▶ THE TASK
One exact copy of the listing is needed. It should contain no pictures.

▶ SOURCE MATERIAL
————————

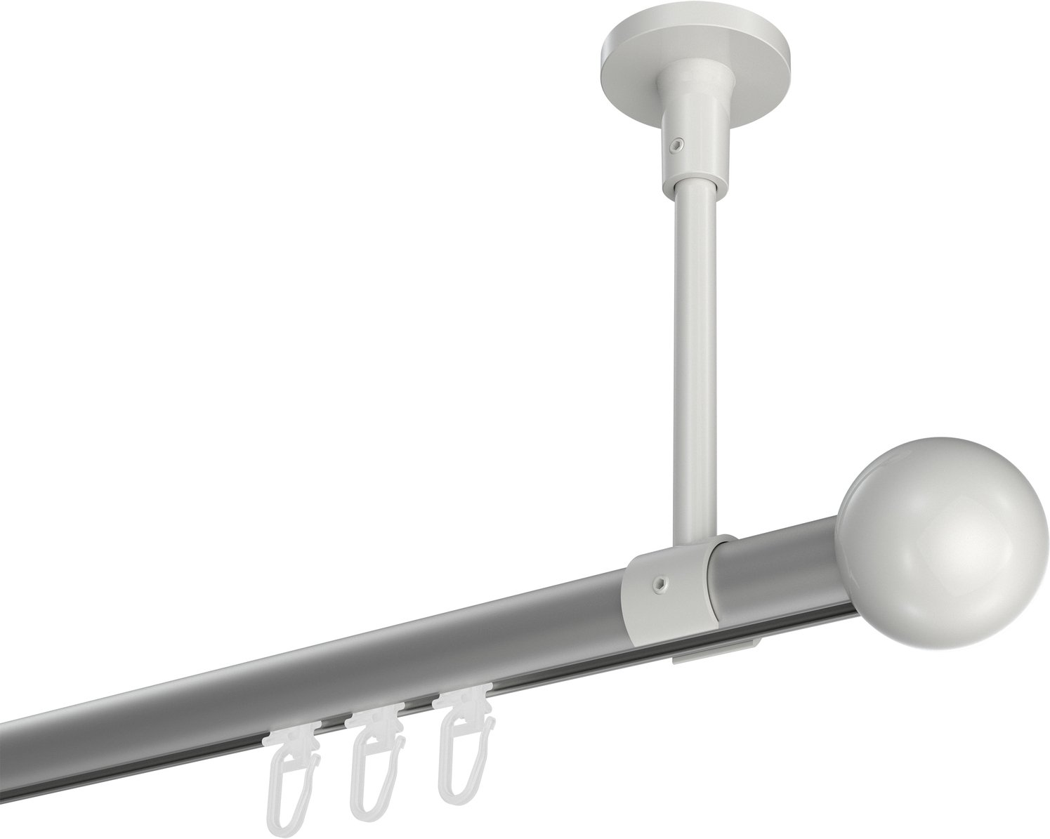 Gardinenstangen mit Innenlauf aus Aluminium / Metall in 20 mm Ø, 1-läufig, Modell SONETTE - Luino Silbergrau / Weiß
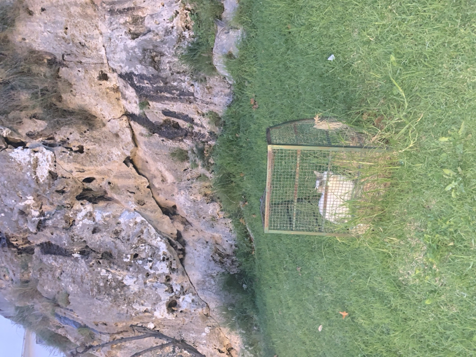 A white and tan goat is inside a metal cage on a grassy lawn. A large, light-colored rock formation with dark streaks and crevices is on the left side of the frame. The grass extends around the cage and to the right, filling most of the image. The photo is taken outdoors in daylight.
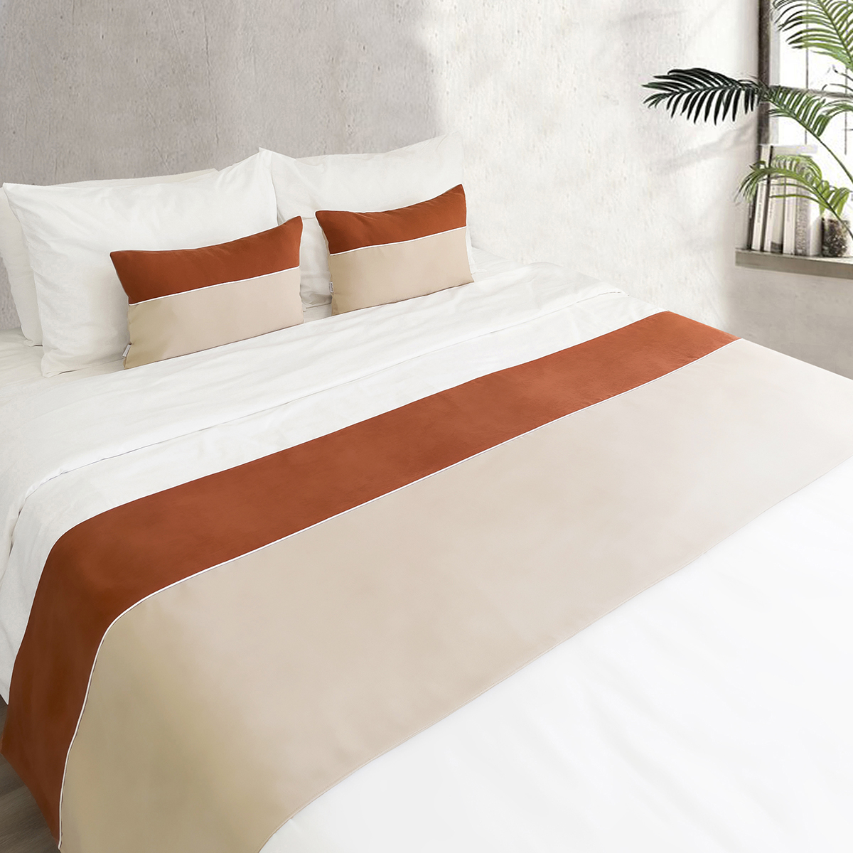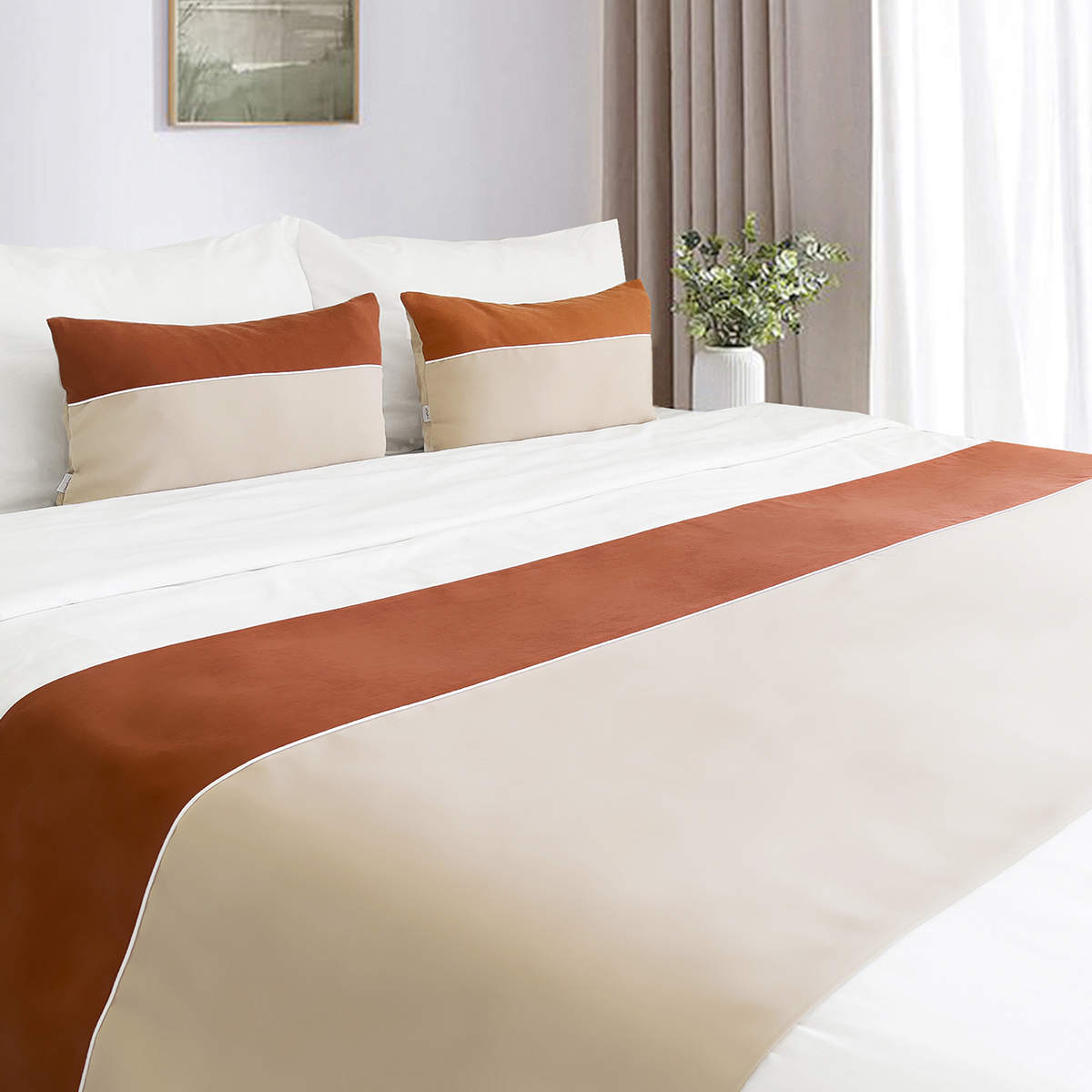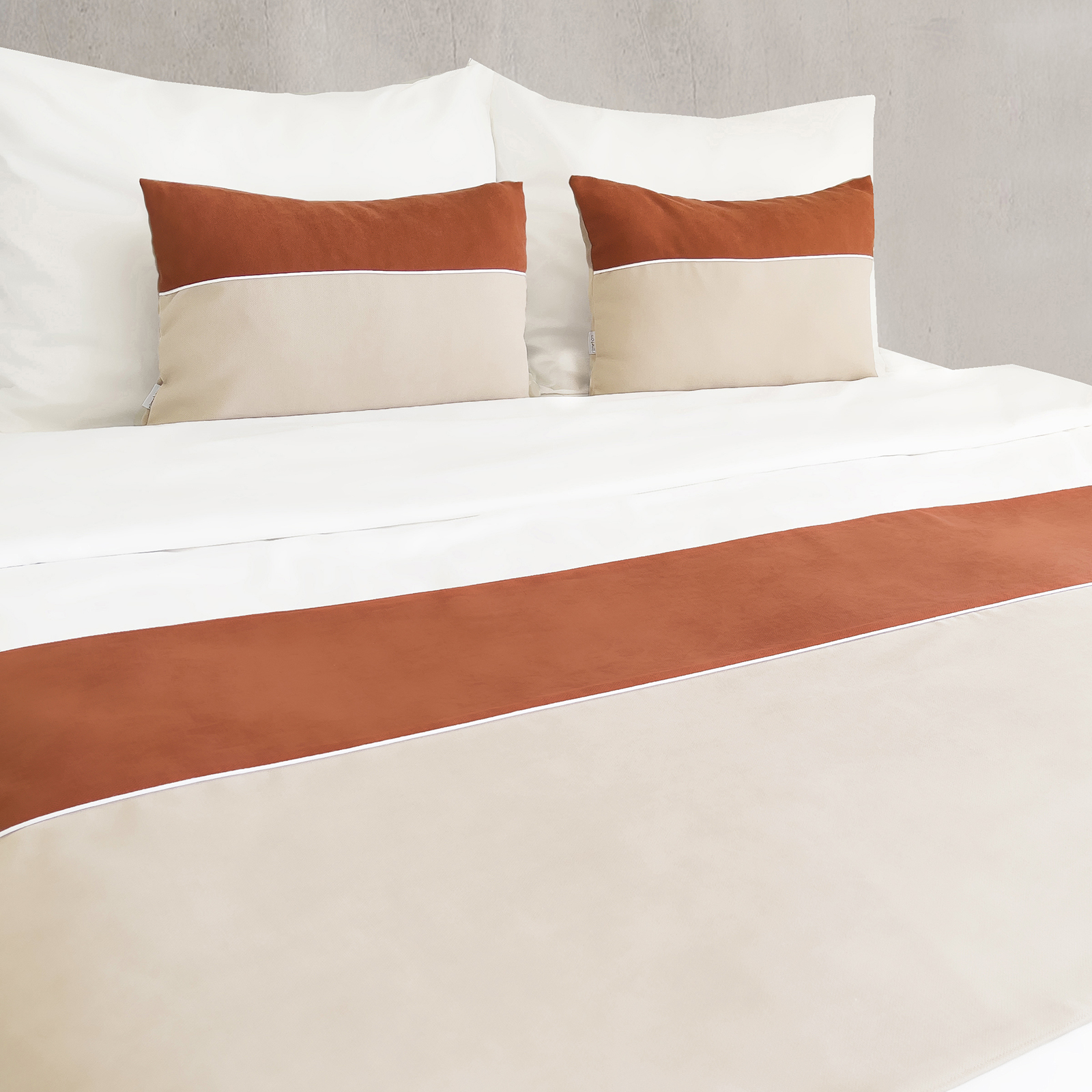 Çift Kişilik Yatak Runner Seti Biyeli Krem/Tarçın
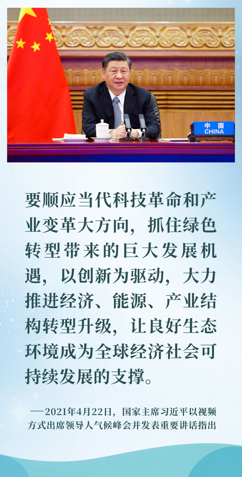 胸怀人类共同的前途命运,习近平主席多次呼吁加强绿色国际合作,共享绿色发展成果。

————————

▶ EXERCISE OUTPUT
 Gardinenstangen mit Innenlauf aus Aluminium / Metall in 20 mm Ø, 1-läufig, Modell SONETTE - Luino Silbergrau / Weiß
 A white and tan goat is inside a metal cage on a grassy lawn. A large, light-colored rock formation with dark streaks and crevices is on the left side of the frame. The grass extends around the cage and to the right, filling most of the image. The photo is taken outdoors in daylight.
 Çift Kişilik Yatak Runner Seti Biyeli Krem/Tarçın
 胸怀人类共同的前途命运,习近平主席多次呼吁加强绿色国际合作,共享绿色发展成果。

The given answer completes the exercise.